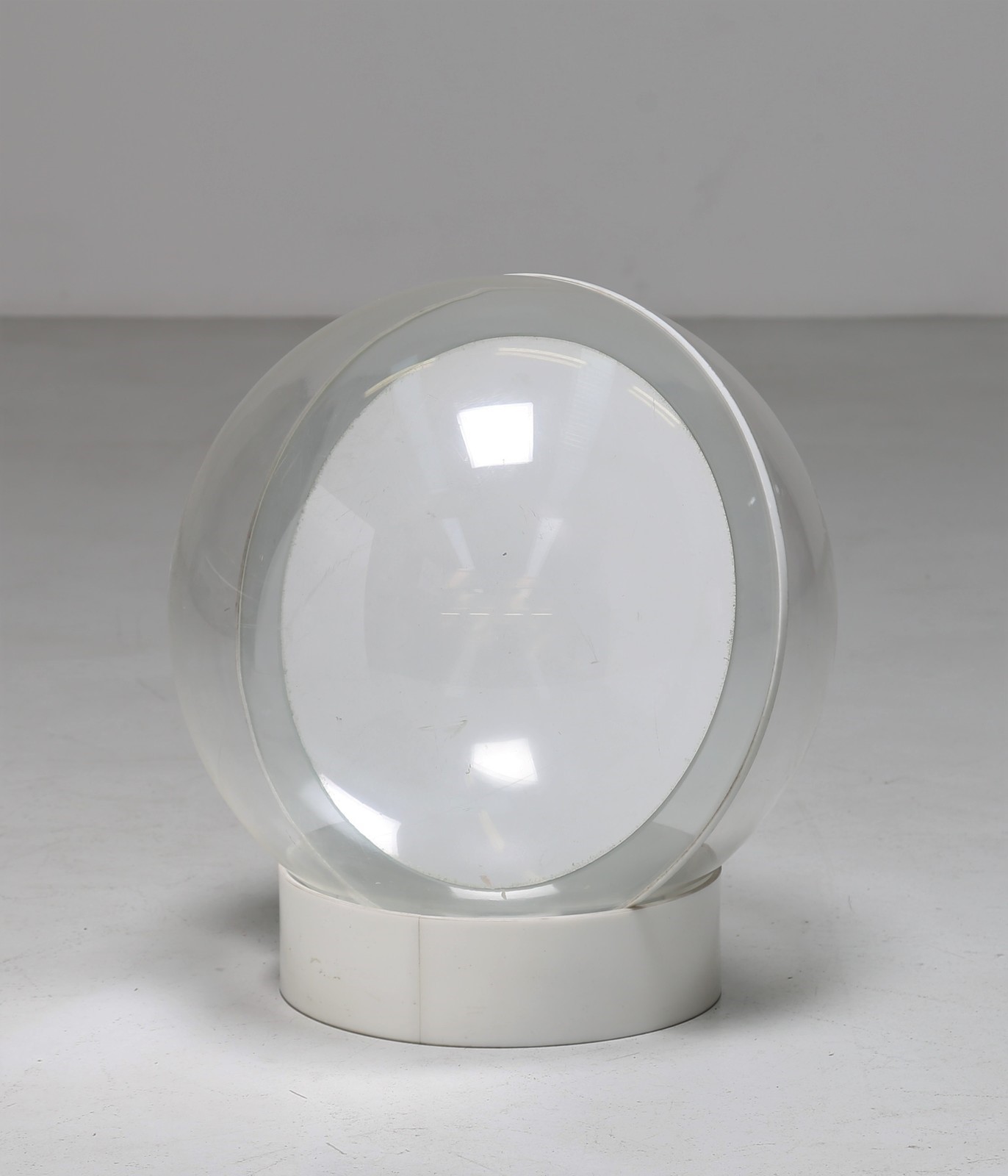 PANSECA FILIPPO (n. 1940) Lampada specchio da tavolo in cromo plexiglass e vetro specchiato, per Kartell 1968 . -. Cm 48,00 x 50,00 x 48,00.
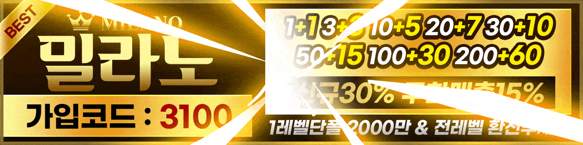 ##밀라노 $$ 첫 충전 30%, 무한 매충 15%, 1레벨 단폴 2천만, 전레벨 환전무제한
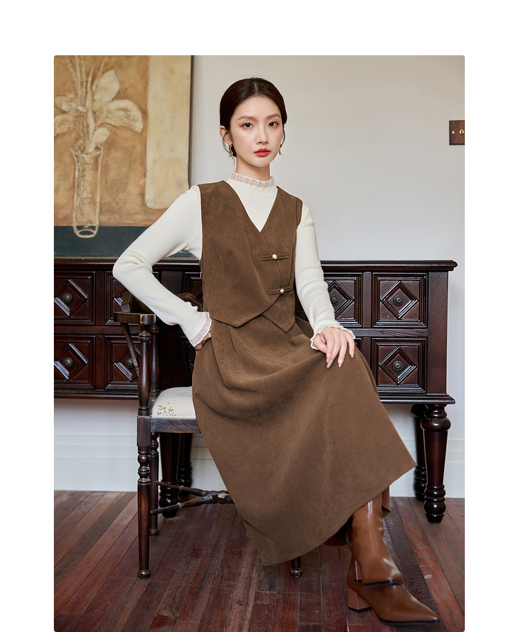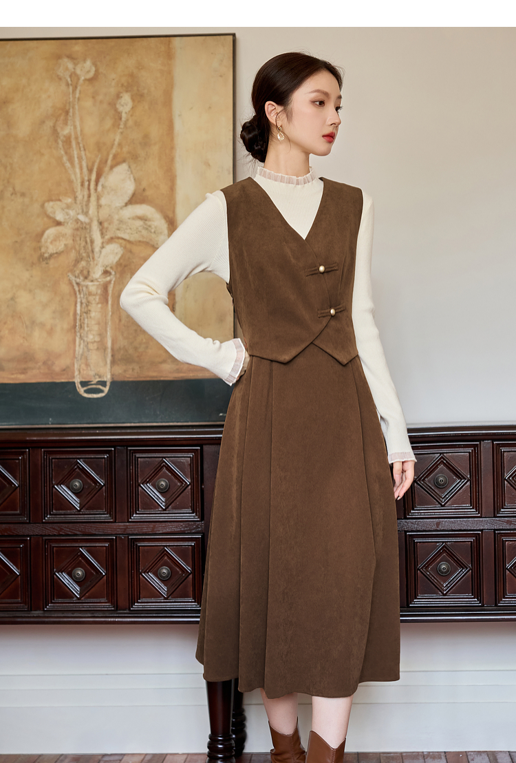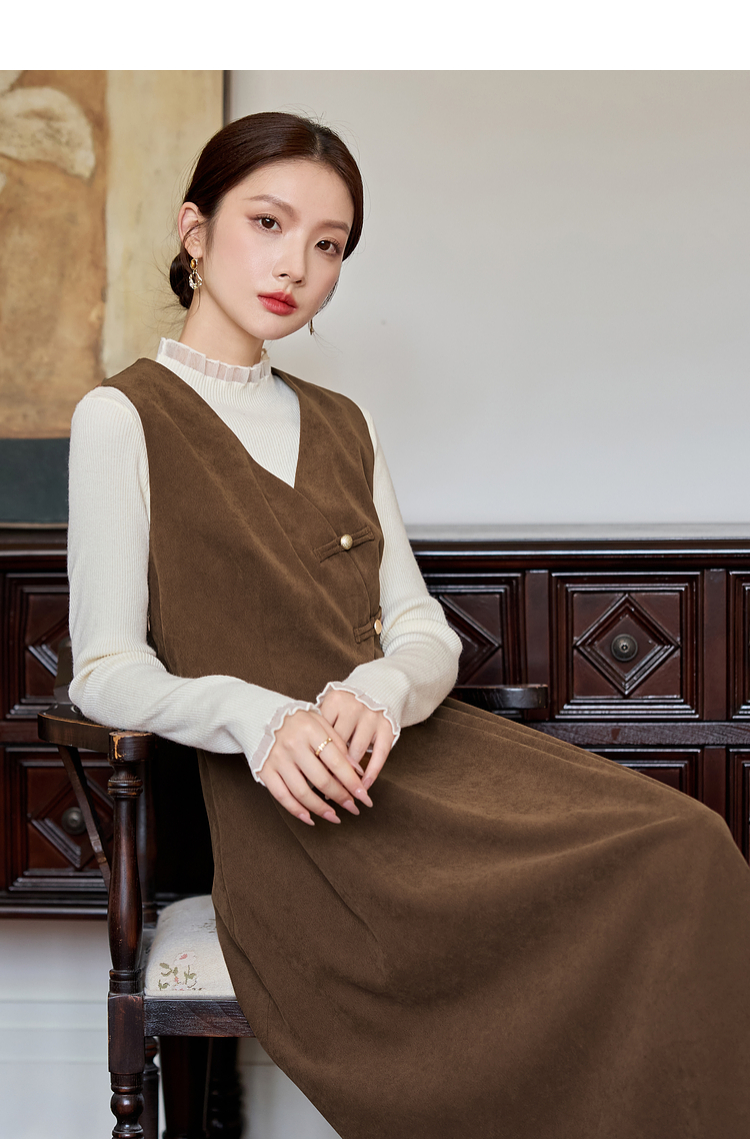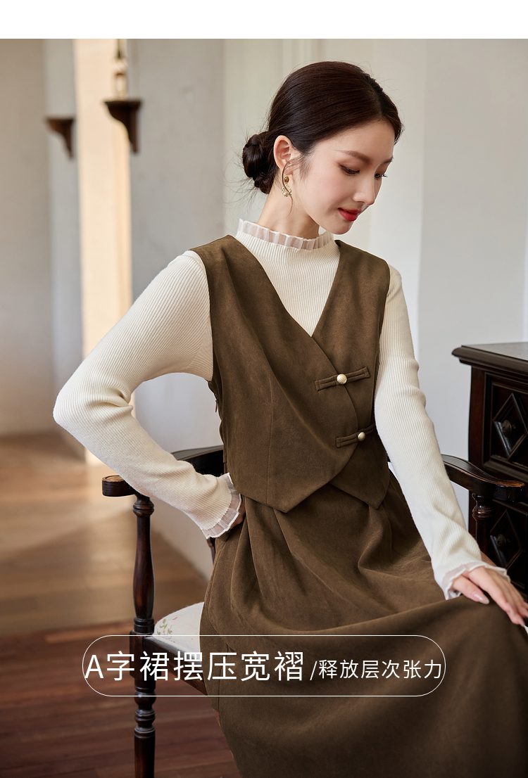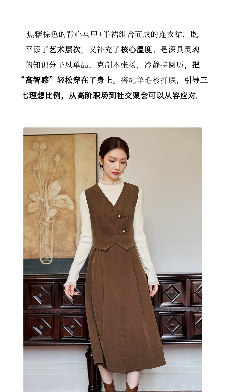 【专属特价】熙世界美拉德风磨绒马甲连衣裙秋冬新款法式复古超好看背心裙子

HOW TO COMPLETE THIS TASK :: With images omitted, output the data exactly as given.

RESULT BELOW ::
 PANSECA FILIPPO (n. 1940) Lampada specchio da tavolo in cromo plexiglass e vetro specchiato, per Kartell 1968 . -. Cm 48,00 x 50,00 x 48,00.
 ##밀라노 $$ 첫 충전 30%, 무한 매충 15%, 1레벨 단폴 2천만, 전레벨 환전무제한
 【专属特价】熙世界美拉德风磨绒马甲连衣裙秋冬新款法式复古超好看背心裙子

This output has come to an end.